Data section -

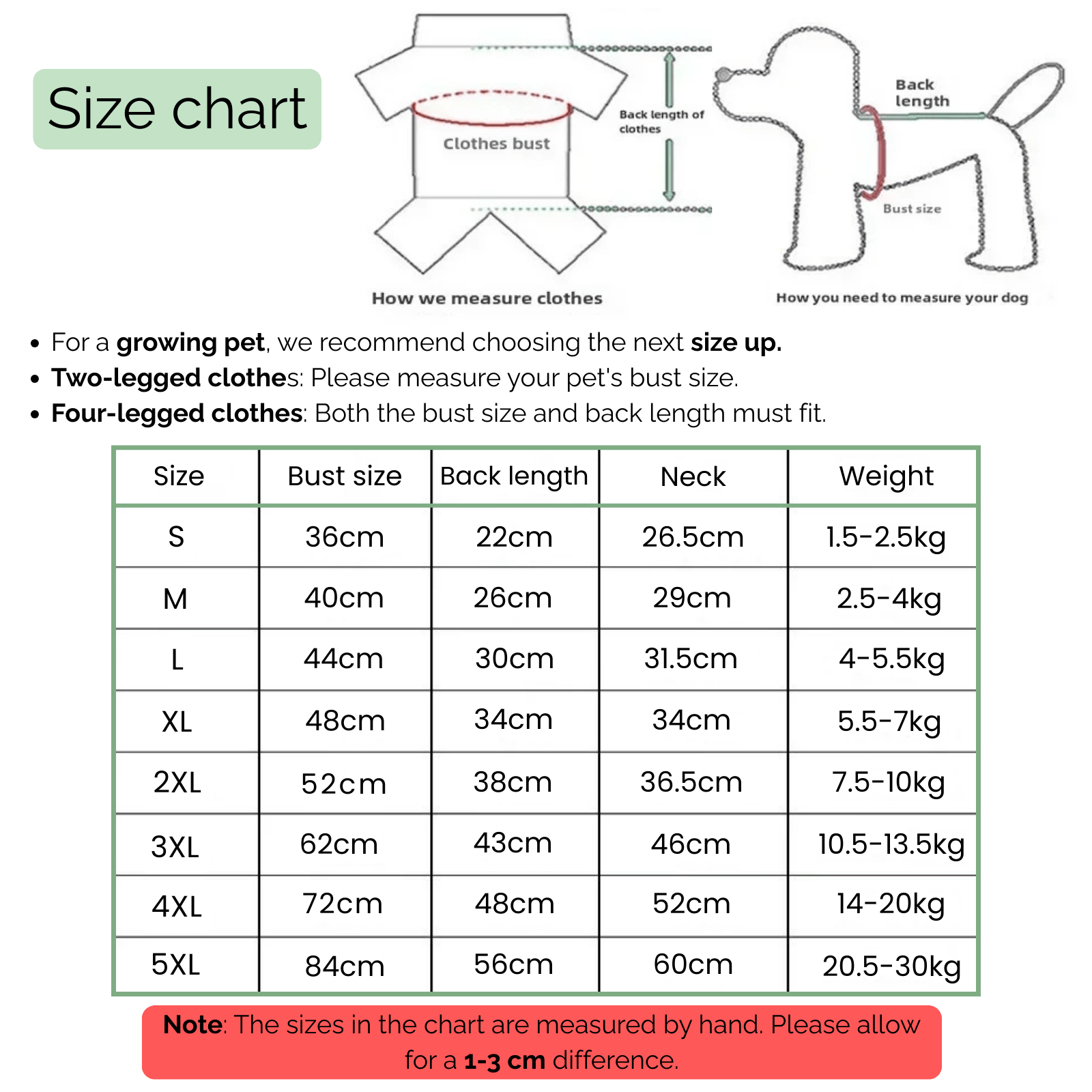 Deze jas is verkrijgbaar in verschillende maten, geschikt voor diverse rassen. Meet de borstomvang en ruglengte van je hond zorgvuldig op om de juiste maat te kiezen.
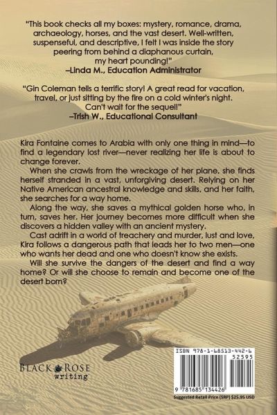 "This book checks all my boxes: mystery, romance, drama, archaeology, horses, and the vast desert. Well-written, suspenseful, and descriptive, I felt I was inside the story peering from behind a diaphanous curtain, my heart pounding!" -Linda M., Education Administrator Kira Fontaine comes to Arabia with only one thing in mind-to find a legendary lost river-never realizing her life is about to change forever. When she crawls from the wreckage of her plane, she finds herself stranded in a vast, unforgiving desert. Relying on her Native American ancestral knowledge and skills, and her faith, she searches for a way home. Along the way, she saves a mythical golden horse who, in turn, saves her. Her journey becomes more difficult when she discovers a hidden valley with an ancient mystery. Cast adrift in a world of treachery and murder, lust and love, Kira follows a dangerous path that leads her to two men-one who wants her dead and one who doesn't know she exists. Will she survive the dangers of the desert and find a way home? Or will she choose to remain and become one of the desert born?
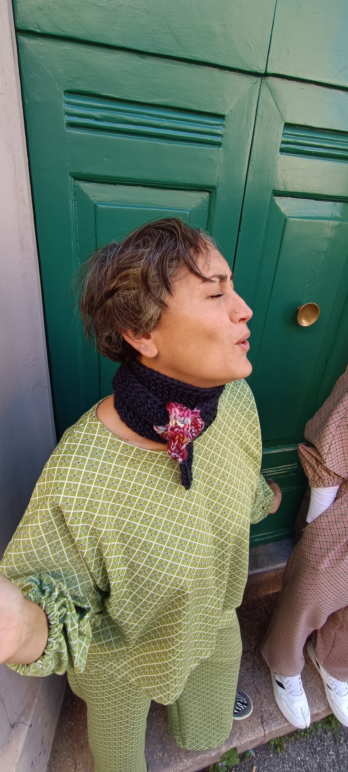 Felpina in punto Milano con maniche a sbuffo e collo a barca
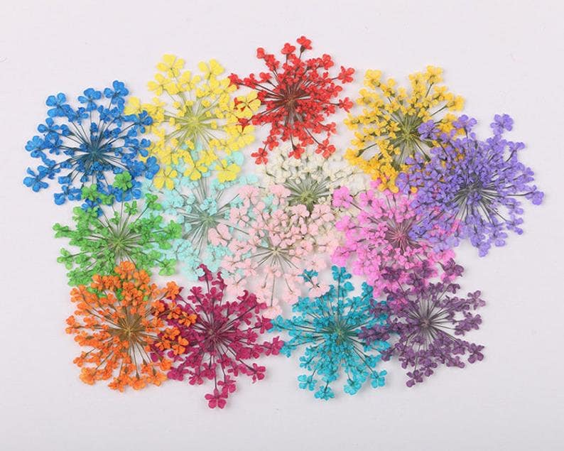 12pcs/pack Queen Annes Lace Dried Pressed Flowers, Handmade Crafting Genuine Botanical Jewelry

Requirement - Without including any picture, set down every line above exactly as it stands.

Expected output -
 Deze jas is verkrijgbaar in verschillende maten, geschikt voor diverse rassen. Meet de borstomvang en ruglengte van je hond zorgvuldig op om de juiste maat te kiezen.
 "This book checks all my boxes: mystery, romance, drama, archaeology, horses, and the vast desert. Well-written, suspenseful, and descriptive, I felt I was inside the story peering from behind a diaphanous curtain, my heart pounding!" -Linda M., Education Administrator Kira Fontaine comes to Arabia with only one thing in mind-to find a legendary lost river-never realizing her life is about to change forever. When she crawls from the wreckage of her plane, she finds herself stranded in a vast, unforgiving desert. Relying on her Native American ancestral knowledge and skills, and her faith, she searches for a way home. Along the way, she saves a mythical golden horse who, in turn, saves her. Her journey becomes more difficult when she discovers a hidden valley with an ancient mystery. Cast adrift in a world of treachery and murder, lust and love, Kira follows a dangerous path that leads her to two men-one who wants her dead and one who doesn't know she exists. Will she survive the dangers of the desert and find a way home? Or will she choose to remain and become one of the desert born?
 Felpina in punto Milano con maniche a sbuffo e collo a barca
 12pcs/pack Queen Annes Lace Dried Pressed Flowers, Handmade Crafting Genuine Botanical Jewelry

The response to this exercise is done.